Tchaïkovski a composé Les Saisons dans des circonstances particulières puisque le journaliste Nicolaï
Bernard lui proposa d’éditer dans sa revue musicale mensuelle « Le Nouvelliste » une pièce
s’inspirant directement du mois de sa publication. Ces douze pièces furent publiées de janvier à
décembre 1876 avant leur édition globale neuf ans plus tard, en 1885 chez Jurgenson l’éditeur
officiel des œuvres de Tchaïkovski.
Le fait que ces douze pièces aient été composées au fur et à mesure des mois et aussitôt éditées n’a
pas permis à Tchaïkovski d’éviter le problème de la répétition puisqu’il n’avait pas le recul nécessaire
pour concevoir le cycle dans sa globalité. Si chaque pièce est particulière et très différente des autres
dans sa conception et son inspiration, on remarque cependant que plusieurs pièces de même
atmosphère s’enchaînent lorsqu’on joue le cycle en entier. Malgré celà, la richesse des coloris, la
force évocatrice et les subtilités harmoniques employées par Tchaïkovski dans chacune de ces douze
miniatures font très vite oublier ce léger écueil.
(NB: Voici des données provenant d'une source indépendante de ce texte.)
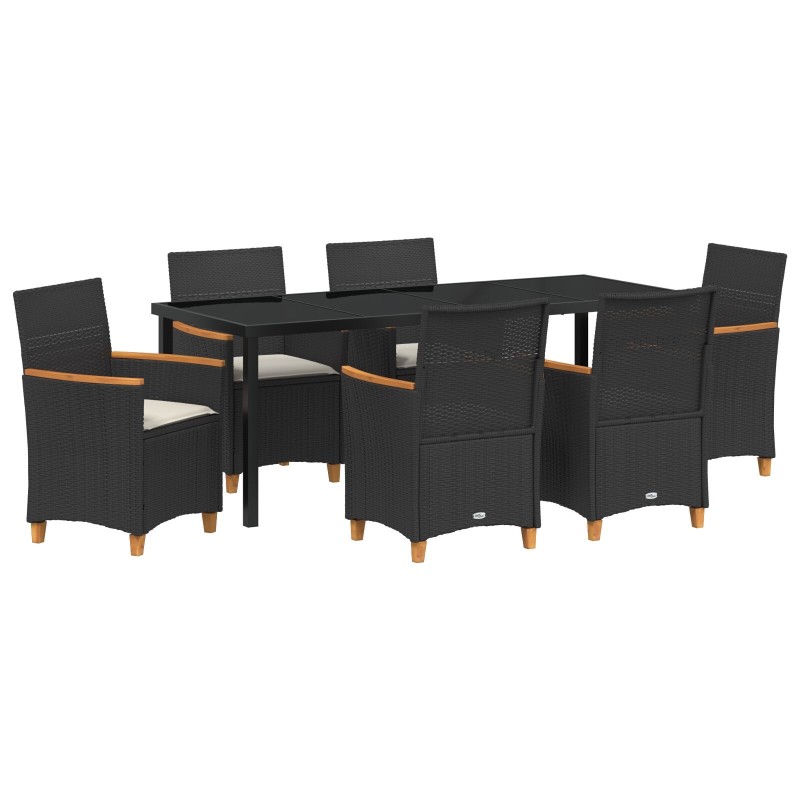 Set de Dining de Grădină cu 7 Piese și Perne din Ratan Poliat Negru

Si Tchaïkovski est très connu pour ses concertos pour piano (et tout particulièrement pour le
premier), ses compositions pour piano seul n’ont pas connu la même renommée. A l’exception de
trois sonates, son œuvre pianistique est principalement constituée de courtes pièces de salon de
forme libre et particulièrement typiques du romantisme russe. Les Saisons font figure d’exception
compte tenu de leur conception cyclique et de leur contenu poétique et narratif.
Par leur inspiration Les Saisons sont typiquement russes. Elles décrivent certaines scènes et activités
de la vie champêtre en Russie. Par leur dimension, leur écriture et leur inspiration ces douze tableaux
musicaux se rapprochent de certaines œuvres de grands compositeurs romantiques allemands tels
que Mendelssohn (Romances sans parole) ou Schumann (Scènes de la forêt).
Bien que Tchaïkovski adorait voyager (et tout particulièrement en Italie et en France dont sa mère,
Alexandra Assier, était originaire), il souffrait rapidement du mal du pays et ne pouvait rester éloigné
de sa Russie natale. Dans les Saisons, il déclare tout son amour à sa patrie. Il y dépeint un monde
aujourd’hui disparu que l’on retrouve dans les romans, nouvelles ou pièces de grands écrivains russes
comme Tourgeniev, Gogol ou Tchekov.
Dans les Saisons, Tchaïkovski ne se contente pas de décrire musicalement la vie campagnarde au gré
des mois, mais pour chaque mois il fait référence à des poésies écrites par neuf écrivains russes :
Pouchkin, Vjasemski, Maikov, Fet, Pleschtscheiev, Kolzov, Nekrassov, Shokovski et Tolstoï.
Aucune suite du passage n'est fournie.